Zygmunt Bauman, um dos pensadores que mais têm produzido obras que refletem os tempos contemporâneos, considera que os contatos online têm a vantagem de poder ser desligados sem maiores explicações quando se tornam desconfortáveis; mas perde-se na habilidade de estabelecer relações de confiança.

Arrisco-me atrevidamente a acrescentar que seja qual for a opção individual quanto às infinitas formas de se relacionar, sempre haverá perdas e ganhos e a cada um cabe avaliar o quanto lhe custa o benefício. Além disso, os relacionamentos virtuais não precisam excluir os reais e calorosos, podem bem ser complementares.

De fato, temos nas redes sociais a oportunidade de encontrar pessoas com as quais provavelmente jamais conviveríamos, muitas delas distantes e até as que passam por nós na calçada ou embarcam no mesmo ônibus sem sequer serem notadas. E é possível fazer como alguns, eu inclusive: vamos navegando e tarrafeando avatares, descobrindo afinidades nas gentes que podem se tornar boas companhias, amigos de verdade. Falo dos bons encontros que vejo acontecendo e também acontecem comigo.

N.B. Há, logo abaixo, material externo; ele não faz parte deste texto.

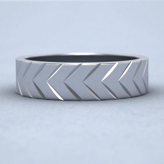 Chevron Pattern 14ct White Gold 6mm Wedding Ring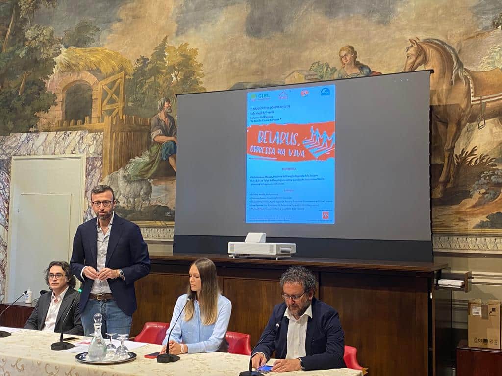 “La Bielorussia è parte dell’Europa. Quello che sta accadendo, soprattutto dopo le elezioni del 2020, è drammatico e non possiamo voltarci dall’altra parte. Noi vogliamo costruire un Europa più forte, che sappia allargarsi e dare a tutti più diritti, più opportunità”. Così il presidente del Consiglio regionale Antonio Mazzeo aprendo il convegno “Belarus, oppressa ma viva’, che si è tenuto a palazzo del Pegaso, dove sono intervenuti Yuliya Yukhno, rifugiata politica, Francesco Gazzetti, presidente commissione Europa del Consiglio regionale, la parlamentare Simona Bonafè, il presidente nazionale Istituto sindacale per la cooperazione allo sviluppo (Iscos) Vincenzo Russo e il sindaco di Prato e presidente Anci Toscana Matteo Biffoni.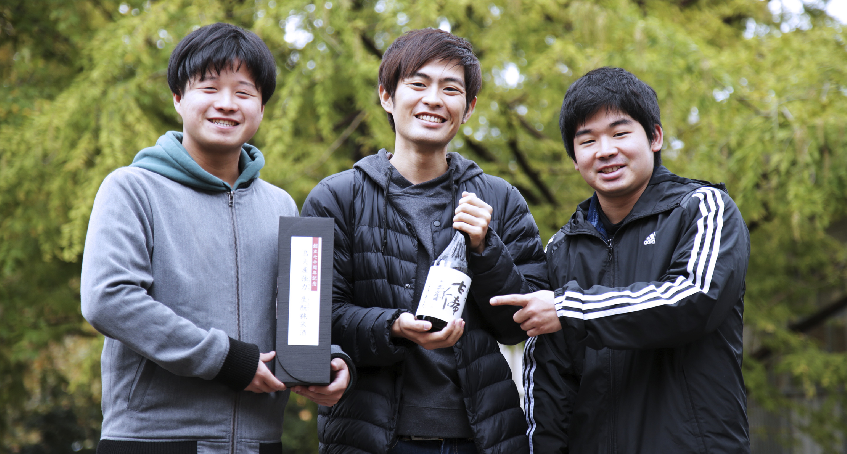 2018年に学生さんたちが育てた酒米を、地元の蔵元が醸した記念酒がついに完成。鳥取大学創立70周年記念酒の名前は、大学が70歳を迎えたことを祝うとともに、次代へ新たに飛躍できるように、との願いが込められ『鳥大古希新(とりだいこきあらた)』と名付けられました。一度は姿を消した酒米『強力(ごうりき)』を無農薬で栽培し、昔ながらの「生酛造り」で仕込みました。今回のプロジェクトを通して感じたことなどを、鳥取大学の面々と、蔵元である山根酒造場の山根社長に伺いました。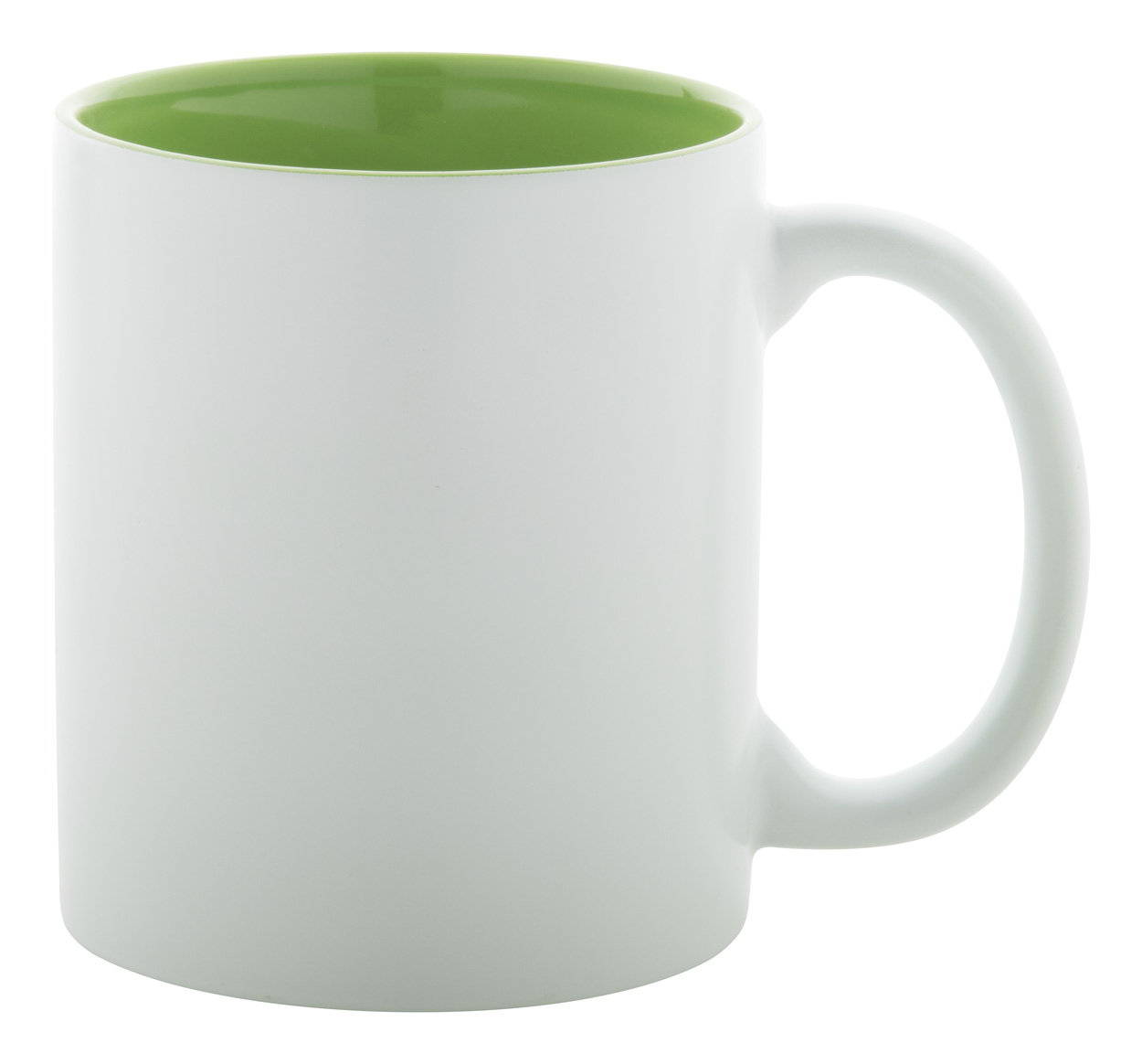 Bílý keramický hrnek, barevný uvnitř, 350 ml. Vygravírované logo je do barvy vnitřku. V dárkové krabičce.

Muito se fala dos riscos de se cair em mãos de falsários ou coisa pior, mas esses estão em toda parte em nosso mundo real e se valem de todos os meios que têm ao alcance, inclusive invadir sua casa pulando a janela.

Se não for um hábito extremo, que afaste o indivíduo do convívio real - usado como defesa, medo ou insegurança – não vejo motivo para discriminar os instrumentos que a tecnologia nos oferece, afinal podemos nos conhecer inesperadamente e de formas inusitadas em qualquer lugar do planeta.